What I can say about why I asked for prayer

I’m so angry with myself that I’m physically ill. I don’t think that I did anything wrong—but I feel like it. I feel like I need confession.

I never feel like I need confession. When I do it, I’m inside it, and it is sincere—but I very rarely hunger for it. When I clearly wrong somebody, I can say so. (My relationship with God more often needs repair for my absence.) Forgiveness for most things comes easily. This… is murky. I said something about myself that I shouldn’t have, and created a disturbance that I don’t know what to do with. It wasn’t wrong in the sense of hurtful—I don’t think, anyway—I just was speaking from a shaky emotional place. Trying to be rational, and not fully succeeding. And I don’t know if there is forgiveness for that.

I think this will end up being a small piece of a larger me, to the people involved, in time. I asked if we were okay; the answer I got was, “Yes, always.” But I’m afraid of being branded. And I know that it’s me who is branding myself.

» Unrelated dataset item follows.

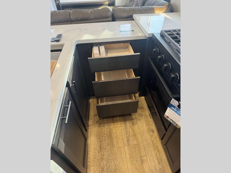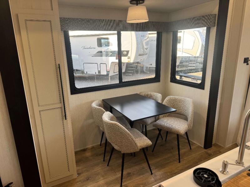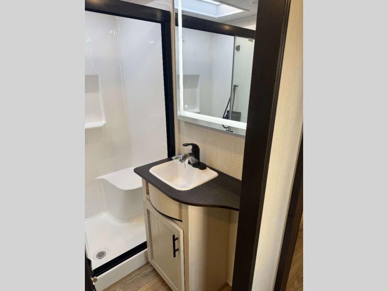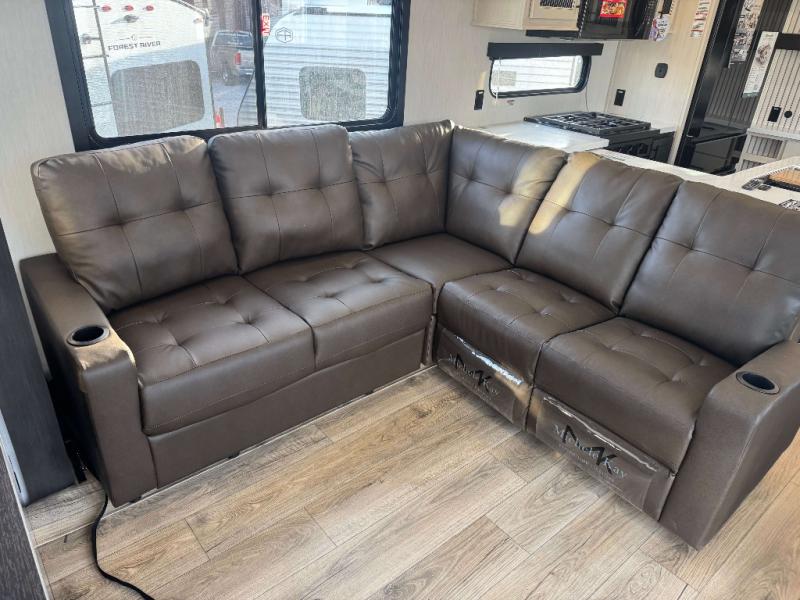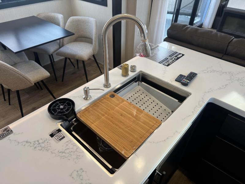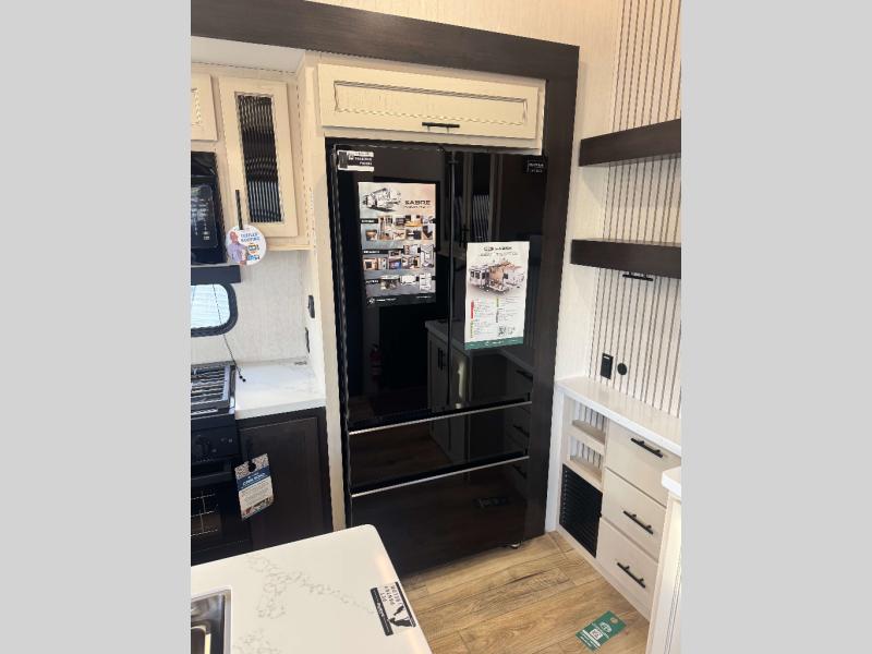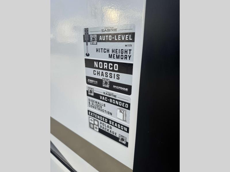 You will experience luxurious camping trips at an affordable price with any one of these Forest River Cherokee Sabre fifth wheels! These models are durable and ready to travel anytime of the year thanks to features like the high-gloss gel-coat front cap with LED lighting, the PVC roof membrane, and the forced air underbelly with enclosed gate valves. The electric auto-leveling system makes setting up easy and safe, and the adjustable power awning with LED lighting will create an inviting outdoor living space. Each model includes a universal docking station which includes a black tank flush and an outside shower, and adjustable stable steps for you to enter and exit the unit safely. Inside, you will love the design of the ambient accent lighting in the living area, the real wood lumbercore cabinetry, and the linoleum flooring!

I don’t have a mental health diagnosis, and I’ve had chances to get one. There’s nothing in this but organic me. It’s history reacting with now. I have anger, fear, and panic hitting me harder than they have in a long time. I know very well why. (The reasons are really at the crux of this; and in themselves, they’re life-giving and good.) And I’m trying to figure out how to be responsible about this love-trust-need conflation I have going, and how to grow through and beyond it.

What I know I need now are time, prayer, understanding, patience, and love. And the presence to give those to myself.

Pray with me.

Monday, October 01, 2007

...and a prayer for healing.

Stolen from lj, who showed it to me, because this is gorgeous.

Lord, open unto me

Open unto me -- light for my darkness.
Open unto me -- courage for my fear.
Open unto me -- hope for my despair.
Open unto me -- peace for my turmoil.
Open unto me -- joy for my sorrow.
Open unto me -- strength for my weakness.
Open unto me -- wisdom for my confusion.
Open unto me -- forgiveness for my sins.
Open unto me -- love for my hates.
Open unto me -- thy Self for my self.

Lord, Lord, open unto me!

--Howard Thurman


I found a slightly different version, here. It's about halfway down the page.

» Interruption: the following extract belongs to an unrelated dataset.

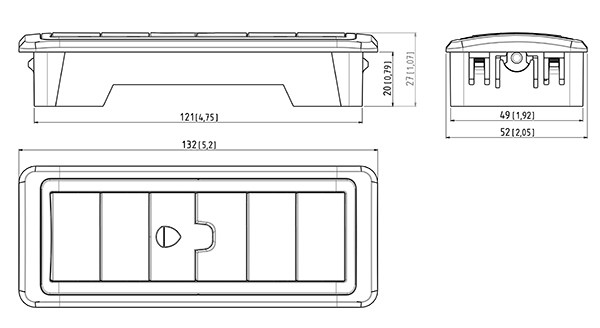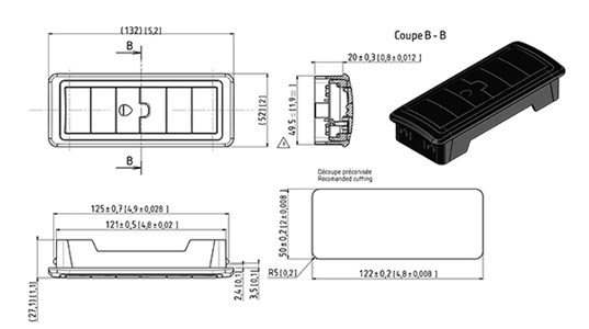 Säädettävä ja suljettava, klipsikiinnitys. Asennusreikä 121 X 49mm, asennussyvyys 20mm.

Struggling with something I don't know how to blog about

...without spilling more than I want to of my own soul, in public. It's a long, off-and-on battle for me, and I feel further along than I used to be--but I have some more monsters to fight before I'm done.

I know that God is with me in this. I know that people I love are with me in this. I am with my own self, in this. I would like your prayers, please.